*Task item*
In the records that follow, find the line containing "dames ballroom dansjurk" and the line containing "This paper introduces", then transcribe both and every line between them exactly, omitting pictures.

*Data excerpts*
• • • • •

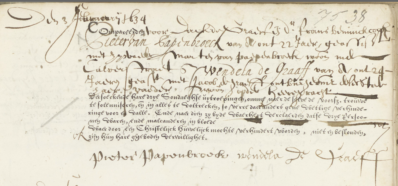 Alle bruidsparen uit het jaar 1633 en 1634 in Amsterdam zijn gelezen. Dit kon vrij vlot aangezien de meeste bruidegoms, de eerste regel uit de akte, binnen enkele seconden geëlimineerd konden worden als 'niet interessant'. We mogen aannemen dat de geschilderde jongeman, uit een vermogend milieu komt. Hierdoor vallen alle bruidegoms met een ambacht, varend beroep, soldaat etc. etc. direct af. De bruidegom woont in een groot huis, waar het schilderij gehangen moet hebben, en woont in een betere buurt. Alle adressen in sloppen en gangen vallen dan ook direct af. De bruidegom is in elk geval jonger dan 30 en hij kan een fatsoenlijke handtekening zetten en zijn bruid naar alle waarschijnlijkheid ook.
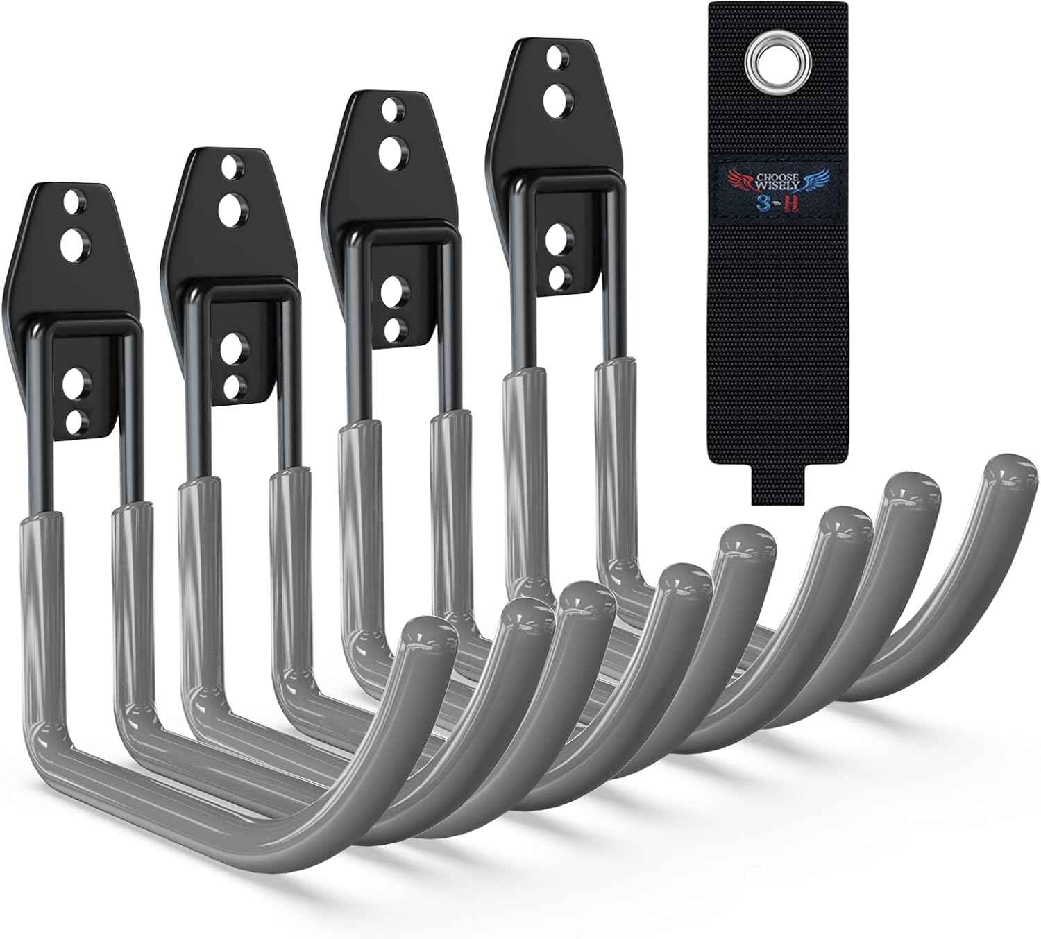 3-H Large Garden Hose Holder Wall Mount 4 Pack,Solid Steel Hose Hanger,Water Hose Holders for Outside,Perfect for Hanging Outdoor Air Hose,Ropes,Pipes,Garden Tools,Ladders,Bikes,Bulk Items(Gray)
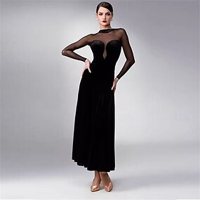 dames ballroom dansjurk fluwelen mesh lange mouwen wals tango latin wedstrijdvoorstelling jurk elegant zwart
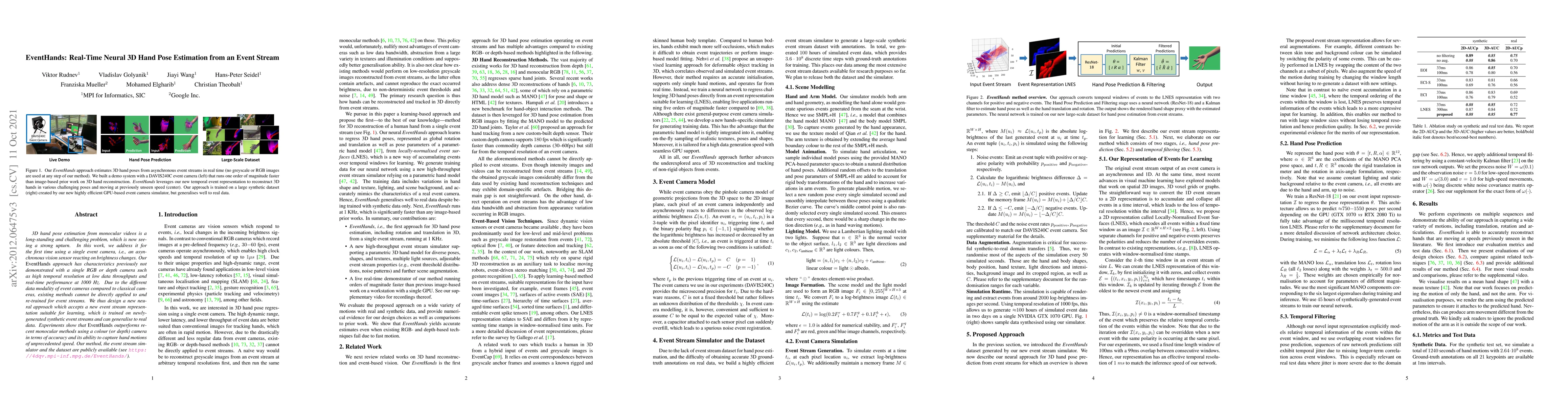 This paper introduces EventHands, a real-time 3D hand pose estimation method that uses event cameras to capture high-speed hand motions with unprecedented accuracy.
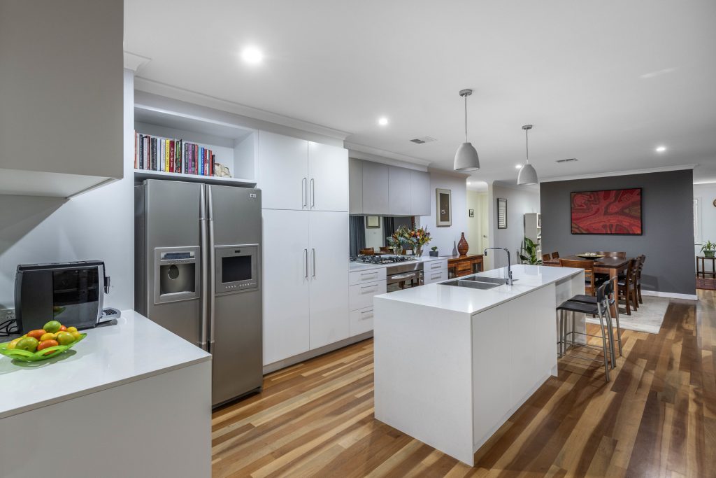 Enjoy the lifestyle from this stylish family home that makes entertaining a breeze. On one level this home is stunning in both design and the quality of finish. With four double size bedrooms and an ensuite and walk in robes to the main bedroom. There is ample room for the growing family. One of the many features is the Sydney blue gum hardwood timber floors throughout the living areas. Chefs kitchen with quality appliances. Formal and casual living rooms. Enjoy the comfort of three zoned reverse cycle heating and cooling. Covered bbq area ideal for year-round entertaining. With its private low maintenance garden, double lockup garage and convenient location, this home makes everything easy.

• • • • •

*Answer for the task*
 dames ballroom dansjurk fluwelen mesh lange mouwen wals tango latin wedstrijdvoorstelling jurk elegant zwart
 This paper introduces EventHands, a real-time 3D hand pose estimation method that uses event cameras to capture high-speed hand motions with unprecedented accuracy.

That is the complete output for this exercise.